Grubauer, on the other hand, looks like someone who saw his starting gig snatched away in his absence and is desperate to reclaim his status as a bonafide primary option. He’s made seven appearances with an unremarkable record of 3-2-2. Yet, he has posted a .930 SV% and prevented over seven goals above expected., both top-10 marks among goalies to have played in at least three games since January 1st.
Grubauer’s resurgence is a big reason why the Kraken own the seventh-best points percentage (PTS%) in the NHL since the start of 2023 (.650). If he can keep up his play, the Kraken’s crease situation becomes all the clearer heading into the deadline.
Grubauer, Jones, or Trade?
For the Kraken, the problem now becomes a question of which goaltender is the better option and which version of each player is the closest to their actual talent level.
Including his 2023 resurrection, Grubauer ranks 77th out of 88 qualified goalies (at least 10 games played since 2021-22) in SV% (.892) and has conceded the second-highest cumulative total of goals above expected. For Jones, his 70th-ranked SV% (.897) and 15th-worst GSAx total paint a slightly rosier picture of a particularly bleak image.
In the aggregate, neither inspires much confidence heading into a potential playoff showdown with, say, the high-flying Edmonton Oilers. That’s despite the Kraken being one of the stingiest defensive teams at even strength. According to Natural Stat Trick, the Kraken rank 13th or higher in terms of shots, scoring chances, high-danger chances, and expected goals against per 60 minutes at 5-on-5.
For all intents and purposes, those are above-average defensive rates and should have the Kraken sitting higher than 18th in goals against per 60 and 28th in team SV% in all situations.
The team’s red-hot finishing (first in all-situations shooting percentage) has masked some of their goaltending deficiencies, but things could get dark once the scoring inevitably cools down.
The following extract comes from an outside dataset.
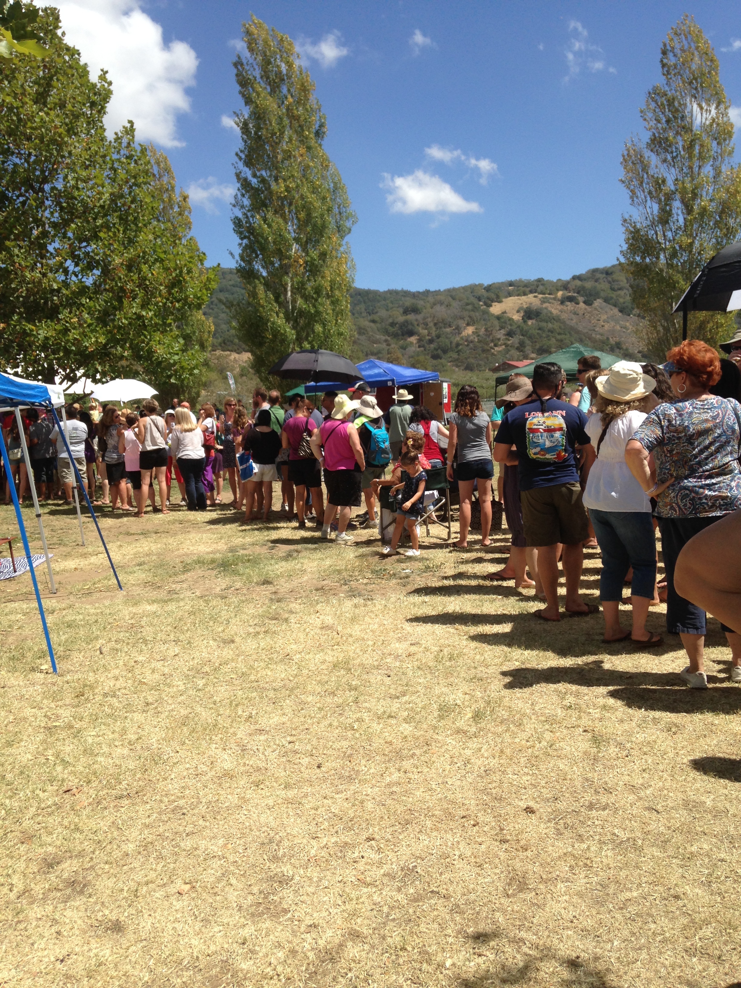 Yes, we are almost there! Hold on, you mean all those people who paid for the $50 VIP tickets get to cut in line whenever they want? Reminds me of the Disneyland Fast Pass. I am ready to strangle someone since I thought we were next, yet it seems all these VIP ticket holders decide to show up right at our moment! Please hurry up and go back to your white tents and appetizer filled tables. We should have paid the extra, but then we wouldn’t have met Marie, Carmella and Sylvia.

They’ve done well to all but pencil themselves into a Western Conference playoff spot, but that’s only one piece of the Stanley Cup puzzle.
Unfortunately, the Kraken have little recourse even if they wish to address their issues in net. With the dearth of quality options available at the deadline, the complicated cap maneuvering required to fit in more salary with a stagnant cap, and Grubauer’s sizeable cap commitment, there appears to be nowhere to turn for relief.
Kraken Set in the Crease…For Now
Even if Grubauer’s recent showings have instilled greater confidence in his ability to consistently perform at the level expected of the 10th-highest-paid goaltender in the NHL, such output is anything but guaranteed in the long term.
The 2023 NHL Trade Deadline (March 3rd) is fast approaching, and the organization possesses the assets to make a splash if so inclined. If the Kraken hope to make a deep playoff run in their first postseason outing, solidifying the crease is a must.
The team’s defensive backbone is sturdy enough to shelter any caliber of goalies, but having a strong netminder helps alleviate many teamwide issues. It could also allow the Kraken to bolster other areas of the lineup, such as adding a truly elite attacking talent to a solid but unspectacular forward group.
General manager Ron Francis and his support staff must weigh several options ranging from standing pat to parting ways with valuable assets at the deadline. The question remains – can they trust Grubauer (or Jones) to stand tall when it matters most?